Using the records below, repeat exactly the lines from the one holding "Sea And Whale" through the one holding "Журнал учета лекарственных", both ends included, and no others.

> RECORDED DATA
◇ ◇ ◇ ◇

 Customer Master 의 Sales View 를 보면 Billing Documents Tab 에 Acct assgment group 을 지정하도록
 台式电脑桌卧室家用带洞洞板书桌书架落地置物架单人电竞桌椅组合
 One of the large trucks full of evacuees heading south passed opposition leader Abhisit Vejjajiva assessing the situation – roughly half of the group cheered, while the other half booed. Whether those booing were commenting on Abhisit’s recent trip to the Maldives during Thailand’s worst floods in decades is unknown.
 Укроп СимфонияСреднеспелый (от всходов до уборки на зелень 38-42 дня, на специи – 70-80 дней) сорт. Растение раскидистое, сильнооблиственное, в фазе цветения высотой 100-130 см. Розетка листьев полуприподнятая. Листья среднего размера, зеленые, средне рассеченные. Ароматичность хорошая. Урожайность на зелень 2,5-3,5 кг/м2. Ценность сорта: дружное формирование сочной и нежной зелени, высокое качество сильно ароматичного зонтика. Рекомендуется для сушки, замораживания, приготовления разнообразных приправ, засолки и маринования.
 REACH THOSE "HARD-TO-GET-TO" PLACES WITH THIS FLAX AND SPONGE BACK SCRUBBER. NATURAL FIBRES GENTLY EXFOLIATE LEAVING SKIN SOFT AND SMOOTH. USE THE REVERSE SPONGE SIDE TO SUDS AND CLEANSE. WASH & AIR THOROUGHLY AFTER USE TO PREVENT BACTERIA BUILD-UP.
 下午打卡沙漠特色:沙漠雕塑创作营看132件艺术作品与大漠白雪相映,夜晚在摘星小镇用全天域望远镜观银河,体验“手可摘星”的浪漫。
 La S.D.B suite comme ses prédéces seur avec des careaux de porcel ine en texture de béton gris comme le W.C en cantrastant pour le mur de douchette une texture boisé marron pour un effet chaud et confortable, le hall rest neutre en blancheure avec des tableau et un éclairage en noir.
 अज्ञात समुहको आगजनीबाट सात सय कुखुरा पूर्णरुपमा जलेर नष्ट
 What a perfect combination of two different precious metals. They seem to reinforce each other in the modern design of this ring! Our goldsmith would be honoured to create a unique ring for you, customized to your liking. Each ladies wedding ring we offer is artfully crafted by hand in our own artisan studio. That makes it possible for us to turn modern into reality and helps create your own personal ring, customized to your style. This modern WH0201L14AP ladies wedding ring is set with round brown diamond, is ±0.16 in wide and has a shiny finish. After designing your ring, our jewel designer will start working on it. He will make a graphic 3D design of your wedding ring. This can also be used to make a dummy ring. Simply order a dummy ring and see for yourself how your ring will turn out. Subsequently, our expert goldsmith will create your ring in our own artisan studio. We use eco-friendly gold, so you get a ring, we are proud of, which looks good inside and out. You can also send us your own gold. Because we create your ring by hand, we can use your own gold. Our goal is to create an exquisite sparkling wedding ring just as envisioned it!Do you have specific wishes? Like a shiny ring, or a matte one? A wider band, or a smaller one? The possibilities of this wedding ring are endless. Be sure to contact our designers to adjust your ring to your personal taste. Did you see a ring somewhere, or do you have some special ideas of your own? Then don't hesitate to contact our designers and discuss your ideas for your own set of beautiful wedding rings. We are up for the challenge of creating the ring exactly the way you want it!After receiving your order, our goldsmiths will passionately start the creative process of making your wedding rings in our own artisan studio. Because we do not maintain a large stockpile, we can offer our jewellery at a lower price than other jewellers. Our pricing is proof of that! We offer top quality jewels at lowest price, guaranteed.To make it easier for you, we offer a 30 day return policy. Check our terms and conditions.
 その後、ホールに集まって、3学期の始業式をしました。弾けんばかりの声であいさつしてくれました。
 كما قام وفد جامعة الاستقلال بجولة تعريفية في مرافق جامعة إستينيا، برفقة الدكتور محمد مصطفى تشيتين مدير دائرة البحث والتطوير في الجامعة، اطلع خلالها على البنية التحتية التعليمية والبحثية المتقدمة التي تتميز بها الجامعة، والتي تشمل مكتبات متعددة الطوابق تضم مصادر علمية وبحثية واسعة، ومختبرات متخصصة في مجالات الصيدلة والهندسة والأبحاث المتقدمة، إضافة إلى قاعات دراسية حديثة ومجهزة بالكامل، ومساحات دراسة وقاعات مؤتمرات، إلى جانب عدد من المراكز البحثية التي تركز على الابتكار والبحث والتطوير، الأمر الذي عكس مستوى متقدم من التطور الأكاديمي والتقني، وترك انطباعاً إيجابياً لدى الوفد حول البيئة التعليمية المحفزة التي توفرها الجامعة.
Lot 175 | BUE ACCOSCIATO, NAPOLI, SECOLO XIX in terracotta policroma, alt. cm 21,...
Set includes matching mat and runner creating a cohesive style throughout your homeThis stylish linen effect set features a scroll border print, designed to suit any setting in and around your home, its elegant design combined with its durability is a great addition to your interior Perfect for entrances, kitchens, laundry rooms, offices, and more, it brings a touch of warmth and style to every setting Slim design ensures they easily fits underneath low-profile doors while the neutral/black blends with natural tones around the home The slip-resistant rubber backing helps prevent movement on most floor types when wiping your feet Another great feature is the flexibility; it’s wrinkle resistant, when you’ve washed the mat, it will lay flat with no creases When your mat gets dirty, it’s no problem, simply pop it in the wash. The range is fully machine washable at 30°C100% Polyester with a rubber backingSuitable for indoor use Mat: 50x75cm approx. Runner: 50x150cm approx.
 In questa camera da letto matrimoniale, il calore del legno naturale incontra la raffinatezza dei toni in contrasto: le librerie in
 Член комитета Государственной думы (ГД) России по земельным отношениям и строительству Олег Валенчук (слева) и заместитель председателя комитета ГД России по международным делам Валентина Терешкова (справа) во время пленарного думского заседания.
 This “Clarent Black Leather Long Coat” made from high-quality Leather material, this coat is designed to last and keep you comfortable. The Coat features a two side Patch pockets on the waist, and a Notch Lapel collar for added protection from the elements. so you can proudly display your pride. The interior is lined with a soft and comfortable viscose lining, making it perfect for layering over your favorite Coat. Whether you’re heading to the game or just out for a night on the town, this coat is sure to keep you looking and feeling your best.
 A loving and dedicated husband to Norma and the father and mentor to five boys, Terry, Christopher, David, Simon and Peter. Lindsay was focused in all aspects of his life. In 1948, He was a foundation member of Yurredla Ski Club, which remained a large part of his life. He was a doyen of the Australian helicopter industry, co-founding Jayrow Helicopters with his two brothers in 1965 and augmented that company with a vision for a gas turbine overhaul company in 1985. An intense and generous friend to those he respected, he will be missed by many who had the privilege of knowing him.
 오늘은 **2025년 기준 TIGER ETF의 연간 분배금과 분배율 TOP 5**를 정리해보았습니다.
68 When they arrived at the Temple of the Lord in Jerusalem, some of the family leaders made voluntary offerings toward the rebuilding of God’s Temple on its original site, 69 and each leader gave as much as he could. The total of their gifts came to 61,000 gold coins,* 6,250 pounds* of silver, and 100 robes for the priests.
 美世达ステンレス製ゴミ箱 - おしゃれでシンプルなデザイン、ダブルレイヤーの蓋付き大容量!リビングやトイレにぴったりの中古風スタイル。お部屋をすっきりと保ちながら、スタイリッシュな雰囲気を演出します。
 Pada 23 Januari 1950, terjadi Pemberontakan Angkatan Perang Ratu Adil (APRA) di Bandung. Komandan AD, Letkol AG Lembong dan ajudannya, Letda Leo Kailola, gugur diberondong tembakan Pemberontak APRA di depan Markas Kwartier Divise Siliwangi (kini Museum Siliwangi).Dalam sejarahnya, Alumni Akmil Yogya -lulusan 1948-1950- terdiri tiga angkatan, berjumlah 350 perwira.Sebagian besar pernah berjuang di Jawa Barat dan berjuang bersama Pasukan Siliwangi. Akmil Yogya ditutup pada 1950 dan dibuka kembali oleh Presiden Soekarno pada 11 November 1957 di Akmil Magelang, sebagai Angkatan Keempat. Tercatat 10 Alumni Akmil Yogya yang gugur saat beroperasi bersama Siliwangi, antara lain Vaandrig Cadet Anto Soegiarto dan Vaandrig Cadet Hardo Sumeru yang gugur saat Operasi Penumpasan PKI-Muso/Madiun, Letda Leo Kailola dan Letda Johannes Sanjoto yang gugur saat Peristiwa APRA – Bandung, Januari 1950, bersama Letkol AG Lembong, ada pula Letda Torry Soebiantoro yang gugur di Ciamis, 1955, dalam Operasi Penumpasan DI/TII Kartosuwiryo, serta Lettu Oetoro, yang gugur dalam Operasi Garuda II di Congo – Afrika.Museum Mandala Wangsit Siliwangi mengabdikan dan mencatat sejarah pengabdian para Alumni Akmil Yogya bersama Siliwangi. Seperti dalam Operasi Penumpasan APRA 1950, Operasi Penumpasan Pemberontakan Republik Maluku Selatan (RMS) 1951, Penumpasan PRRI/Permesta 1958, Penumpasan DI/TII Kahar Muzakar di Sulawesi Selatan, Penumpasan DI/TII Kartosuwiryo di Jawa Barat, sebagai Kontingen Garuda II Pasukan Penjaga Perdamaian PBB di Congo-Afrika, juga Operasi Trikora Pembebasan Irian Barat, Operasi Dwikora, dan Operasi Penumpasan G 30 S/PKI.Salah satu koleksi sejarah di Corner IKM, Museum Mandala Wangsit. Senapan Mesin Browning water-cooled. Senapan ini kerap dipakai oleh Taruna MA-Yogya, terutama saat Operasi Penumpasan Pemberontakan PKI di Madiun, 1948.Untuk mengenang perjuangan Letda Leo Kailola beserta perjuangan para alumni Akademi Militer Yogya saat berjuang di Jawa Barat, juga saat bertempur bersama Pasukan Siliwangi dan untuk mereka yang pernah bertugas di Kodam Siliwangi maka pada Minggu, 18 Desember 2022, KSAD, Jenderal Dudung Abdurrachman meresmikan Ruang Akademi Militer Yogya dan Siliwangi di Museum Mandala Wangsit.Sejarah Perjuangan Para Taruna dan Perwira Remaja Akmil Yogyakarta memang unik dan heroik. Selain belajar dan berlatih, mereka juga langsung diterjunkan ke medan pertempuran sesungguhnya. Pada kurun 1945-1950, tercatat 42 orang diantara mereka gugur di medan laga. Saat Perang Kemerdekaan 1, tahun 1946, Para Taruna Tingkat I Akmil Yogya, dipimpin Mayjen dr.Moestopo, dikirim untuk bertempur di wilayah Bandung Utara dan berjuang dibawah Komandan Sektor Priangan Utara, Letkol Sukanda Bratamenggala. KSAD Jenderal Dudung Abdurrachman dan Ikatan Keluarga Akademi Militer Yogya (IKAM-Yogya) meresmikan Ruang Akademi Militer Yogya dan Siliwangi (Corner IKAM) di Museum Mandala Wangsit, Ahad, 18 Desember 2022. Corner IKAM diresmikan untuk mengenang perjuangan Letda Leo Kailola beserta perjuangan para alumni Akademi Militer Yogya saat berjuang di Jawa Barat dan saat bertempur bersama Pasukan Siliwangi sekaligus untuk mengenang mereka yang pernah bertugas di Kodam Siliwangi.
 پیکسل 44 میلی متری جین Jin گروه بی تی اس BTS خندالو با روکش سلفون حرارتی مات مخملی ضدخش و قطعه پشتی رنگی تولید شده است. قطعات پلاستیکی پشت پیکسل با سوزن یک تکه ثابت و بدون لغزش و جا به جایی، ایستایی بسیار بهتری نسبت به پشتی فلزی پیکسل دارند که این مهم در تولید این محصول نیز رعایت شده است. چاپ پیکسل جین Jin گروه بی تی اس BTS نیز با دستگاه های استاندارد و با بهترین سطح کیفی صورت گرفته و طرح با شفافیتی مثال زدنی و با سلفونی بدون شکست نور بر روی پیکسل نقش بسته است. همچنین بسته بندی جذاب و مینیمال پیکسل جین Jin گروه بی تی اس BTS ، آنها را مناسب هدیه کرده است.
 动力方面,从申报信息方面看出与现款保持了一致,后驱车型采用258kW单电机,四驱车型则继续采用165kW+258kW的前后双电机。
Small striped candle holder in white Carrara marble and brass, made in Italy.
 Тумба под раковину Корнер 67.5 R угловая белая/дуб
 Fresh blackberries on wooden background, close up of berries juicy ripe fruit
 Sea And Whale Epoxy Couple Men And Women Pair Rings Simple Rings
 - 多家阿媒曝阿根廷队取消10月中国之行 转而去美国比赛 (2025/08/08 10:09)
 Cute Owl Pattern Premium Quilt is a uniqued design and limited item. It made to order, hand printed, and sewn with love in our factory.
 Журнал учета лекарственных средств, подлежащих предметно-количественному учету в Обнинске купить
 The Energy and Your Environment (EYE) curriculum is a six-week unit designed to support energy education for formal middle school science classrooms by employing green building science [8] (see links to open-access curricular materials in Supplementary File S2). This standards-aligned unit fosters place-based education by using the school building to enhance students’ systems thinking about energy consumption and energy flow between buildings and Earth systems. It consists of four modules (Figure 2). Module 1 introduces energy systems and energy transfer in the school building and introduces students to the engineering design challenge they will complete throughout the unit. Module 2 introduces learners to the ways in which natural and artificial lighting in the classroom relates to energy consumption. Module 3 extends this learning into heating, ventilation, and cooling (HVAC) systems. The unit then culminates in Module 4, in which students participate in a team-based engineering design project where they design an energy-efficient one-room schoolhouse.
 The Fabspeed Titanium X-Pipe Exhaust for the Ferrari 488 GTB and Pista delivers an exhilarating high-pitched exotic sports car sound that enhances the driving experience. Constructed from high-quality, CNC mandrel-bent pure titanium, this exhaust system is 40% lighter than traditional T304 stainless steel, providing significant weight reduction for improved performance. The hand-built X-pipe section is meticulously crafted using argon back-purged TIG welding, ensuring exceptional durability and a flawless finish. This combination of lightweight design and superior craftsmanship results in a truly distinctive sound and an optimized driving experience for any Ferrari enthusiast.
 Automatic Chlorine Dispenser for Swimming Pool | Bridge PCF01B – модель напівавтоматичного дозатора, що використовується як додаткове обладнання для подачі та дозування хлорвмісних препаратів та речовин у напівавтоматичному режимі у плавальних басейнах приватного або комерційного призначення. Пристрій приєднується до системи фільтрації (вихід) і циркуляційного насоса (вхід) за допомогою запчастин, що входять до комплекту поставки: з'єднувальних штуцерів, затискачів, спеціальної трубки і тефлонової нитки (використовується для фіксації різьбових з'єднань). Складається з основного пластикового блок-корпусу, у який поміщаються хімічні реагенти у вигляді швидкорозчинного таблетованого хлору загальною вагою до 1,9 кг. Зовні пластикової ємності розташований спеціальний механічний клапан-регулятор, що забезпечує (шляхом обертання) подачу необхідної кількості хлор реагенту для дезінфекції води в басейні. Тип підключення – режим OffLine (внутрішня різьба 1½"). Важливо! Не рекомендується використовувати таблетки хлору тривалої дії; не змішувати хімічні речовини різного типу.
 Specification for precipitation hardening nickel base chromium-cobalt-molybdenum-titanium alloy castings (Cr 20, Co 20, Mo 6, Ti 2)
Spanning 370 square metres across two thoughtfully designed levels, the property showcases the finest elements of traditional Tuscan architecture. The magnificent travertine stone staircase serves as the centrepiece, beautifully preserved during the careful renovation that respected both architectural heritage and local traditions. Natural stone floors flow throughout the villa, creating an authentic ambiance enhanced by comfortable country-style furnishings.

◇ ◇ ◇ ◇

> EXERCISE OUTPUT
 Sea And Whale Epoxy Couple Men And Women Pair Rings Simple Rings
 - 多家阿媒曝阿根廷队取消10月中国之行 转而去美国比赛 (2025/08/08 10:09)
 Cute Owl Pattern Premium Quilt is a uniqued design and limited item. It made to order, hand printed, and sewn with love in our factory.
 Журнал учета лекарственных средств, подлежащих предметно-количественному учету в Обнинске купить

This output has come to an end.